If you change mode=edit in the query string to mode=display, the visualization will start automatically:

https://dive4dec.github.io/optlite/#code=def kua(a, k)%3A if k > 1%3A return kua(a, k-1) ** a return a assert kua(2, 4) %3D%3D 2 ** 2 ** 2 ** 2&mode=display&origin=opt-frontend.js&rawInputLstJSON=[]

To automatically enter live editing mode, specify live.html in the path:

https://dive4dec.github.io/optlite/live.html#code=def kua(a, k)%3A if k > 1%3A return kua(a, k-1) ** a return a assert kua(2, 4) %3D%3D 2 ** 2 ** 2 ** 2&mode=edit&origin=opt-frontend.js&rawInputLstJSON=[]

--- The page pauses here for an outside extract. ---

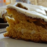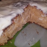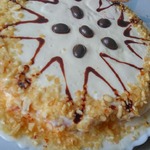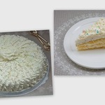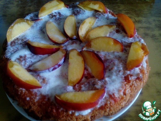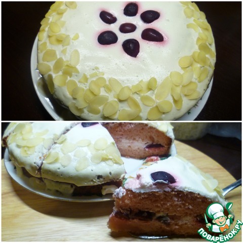 Остывший корж разрезаем вдоль на два коржа, хорошо промазываем кремом сначала нижний, на него укладываем верхний корж и обильно смазываем остатками крема.

VSCode offers a more powerful debugging that allows programmers to debug both jupyter notebooks or python scripts with conditional breakpoints:

from importlib import reload
import utils

reload(utils)  # to reload updates to utils.py without restarting kernel
utils.is_perfect_square((10**23) ** 2)

Glossary¶

breakpoint: A designated point in a program’s code where execution will pause, allowing the programmer to examine the program’s state and behavior at that point. Breakpoints are often used in conjunction with a debugger to help identify and resolve errors or bugs in a program.
bug: An error or defect in a software program that causes it to behave unexpectedly or not according to its intended purpose. Bugs can range from minor issues to major problems that can cause crashes or data loss.
callstack: A data structure that keeps track of the functions or procedures that have been called in a program, along with their parameters and return values. The callstack is used by the program to keep track of where it is in the execution process and to manage memory usage.
console: A command-line interface or text-based window used for interacting with a program or operating system. The console allows users to enter commands and view output from the system or program.
debugger: A tool or program used to identify and resolve errors or bugs in software code. Debuggers can be used to step through code, examine variables and data structures, and identify the source of errors in a program.
flow control: The process of controlling the order in which a program executes its instructions. Flow control can be achieved through conditional statements, loops, and other control structures that allow the program to make decisions and repeat actions based on certain conditions.